This statement constitutes Amendment No. 14 to the Schedule 13D, relating to the shares of common stock, par value $0.01 per share (the “Shares”), issued by Dell Inc. (the “Issuer”), and hereby amends the Schedule 13D filed with the Securities and Exchange Commission (the “SEC”) on May 10, 2013, as amended by Amendment No. 1, filed with the SEC on May 13, 2013, Amendment No. 2, filed with the SEC on June 18, 2013, Amendment No. 3, filed with the SEC on July 1, 2013, Amendment No. 4, filed with the SEC on July 8, 2013, Amendment No. 5, filed with the SEC on July 8, 2013, Amendment No. 6, filed with the SEC on July 10, 2013, Amendment No. 7, filed with the SEC on July 11, 2013, Amendment No. 8, filed with the SEC on July 11, 2013, Amendment No. 9, filed with the SEC on July 12, 2013, Amendment No. 10, filed with the SEC on July 15, 2013, Amendment No. 11, filed with the SEC on July 17, 2013, Amendment No. 12, filed with the SEC on July 18, 2013, and Amendment No. 13, filed with the SEC on July 23, 2013, to furnish the additional information set forth herein.  All capitalized terms contained herein but not otherwise defined shall have the meanings ascribed to such terms in the Schedule 13D.


Item 4.                      Purpose of Transaction

Item 4 of the Schedule 13D is hereby amended by adding the following:

On July 24, 2013, the Reporting Persons issued an open letter to stockholders and the Special Committee of the Board of Directors of the Issuer (the “July 24 Letter”).  A copy of the July 24 Letter is attached hereto as Exhibit 1 and incorporated herein by reference.

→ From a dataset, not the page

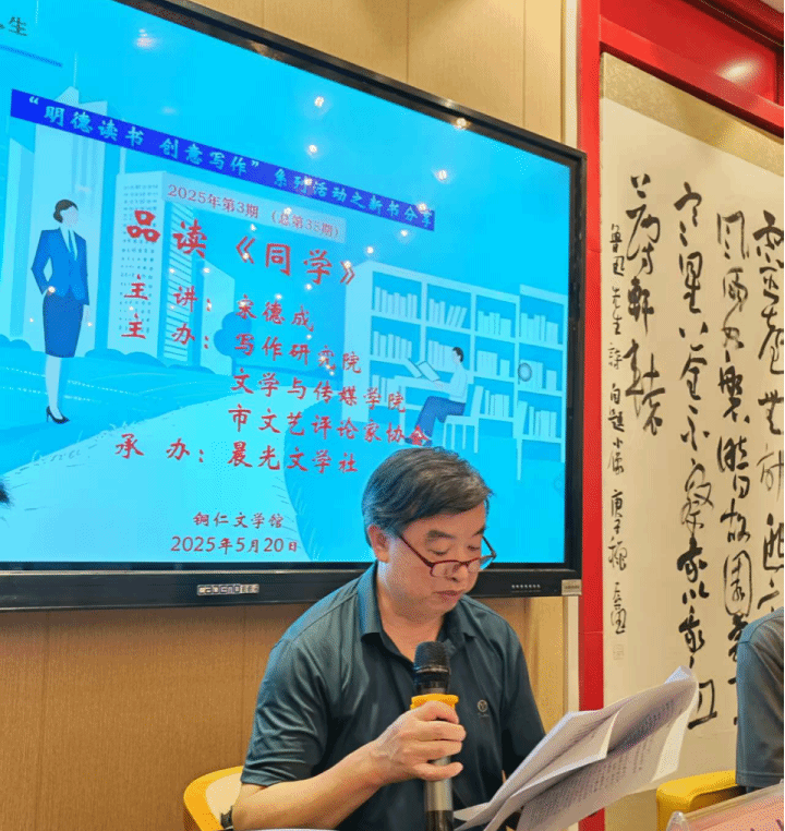 分享会上,宋德成详细介绍了小说的成书背景与核心内容。小说以上世纪八十年代的师范生群体为叙事核心,写他们的爱情、婚姻,写他们的职业困境与在子女教育方面的焦虑。他说,他想以较为敏锐的笔触,将个人命运的起伏与社会变革的宏大浪潮相勾连,将那些曾困扰过那一代年轻人的价值冲突、生存困境,与当下社会的种种问题形成跨时空的对话。他表现出强烈的使命感与深沉的忧患意识,把自己对社会现实的深刻反思倾注在 文字间,试图叩问时代变迁中人性的永恒命题,以引发读者对当下社会的深度思考。

Item 7. Material to be Filed as Exhibits

Exhibit 1                      July 24 Letter






 
 

 

SIGNATURE

After reasonable inquiry and to the best of each of the undersigned knowledge and belief, each of the undersigned certifies that the information set forth in this statement is true, complete and correct.

Dated:  July 24, 2013


ICAHN PARTNERS MASTER FUND LP
ICAHN PARTNERS MASTER FUND II LP
ICAHN PARTNERS MASTER FUND III LP
ICAHN OFFSHORE LP
ICAHN PARTNERS LP
ICAHN ONSHORE LP
BECKTON CORP.
HOPPER INVESTMENTS LLC
BARBERRY CORP.
HIGH RIVER LIMITED PARTNERSHIP
By: Hopper Investments LLC, general partner
By:  Barberry Corp.


By:           /s/ Edward E. Mattner
Name: Edward E. Mattner
Title: Authorized Signatory


ICAHN CAPITAL LP
By: IPH GP LLC, its general partner
By: Icahn Enterprises Holdings L.P., its sole member
By: Icahn Enterprises G.P. Inc., its general partner
IPH GP LLC
By: Icahn Enterprises Holdings L.P., its sole member
By: Icahn Enterprises G.P. Inc., its general partner
ICAHN ENTERPRISES HOLDINGS L.P.
By: Icahn Enterprises G.P. Inc., its general partner
ICAHN ENTERPRISES G.P. INC.


By:           /s/ SungHwan Cho
Name: SungHwan Cho
Title: Chief Financial Officer



 
 

 







/s/ Carl C. Icahn_____________
CARL C. ICAHN





[Signature Page of Schedule 13D, Amendment No. 14 – Dell Inc.]
 


 
 

 


Exhibit 1
FOR IMMEDIATE RELEASE

CARL C. ICAHN AND SOUTHEASTERN ASSET MANAGEMENT
 
ISSUE OPEN LETTER TO STOCKHOLDERS OF DELL AND THE SPECIAL COMMITTEE
 

New York, New York, July 24, 2013 – Carl C. Icahn and his affiliates and Southeastern Asset Management today issued the following open letter to stockholders of Dell Inc. and its Special Committee.

Dear Fellow Dell Stockholders and Special Committee:

In today’s latest installment of the “Desperate Dell Debacle,” Michael Dell/Silver Lake have asked the Company to change the rules of the game in a transparent attempt to force their freeze out transaction across the finish line despite the vote of its stockholders.  In a Merger Agreement with widely-criticized protective devices in favor of Michael Dell/Silver Lake and a sales process that included a number of advantages for Michael Dell/Silver Lake, the one stockholder protection was the requirement that a majority of the non-Michael Dell shares approve the deal.  The Special Committee has now been asked to GUT this provision to effectively render it meaningless.  And, in return, Michael Dell/Silver Lake have offered to increase the deal price by $0.10, or 0.73%!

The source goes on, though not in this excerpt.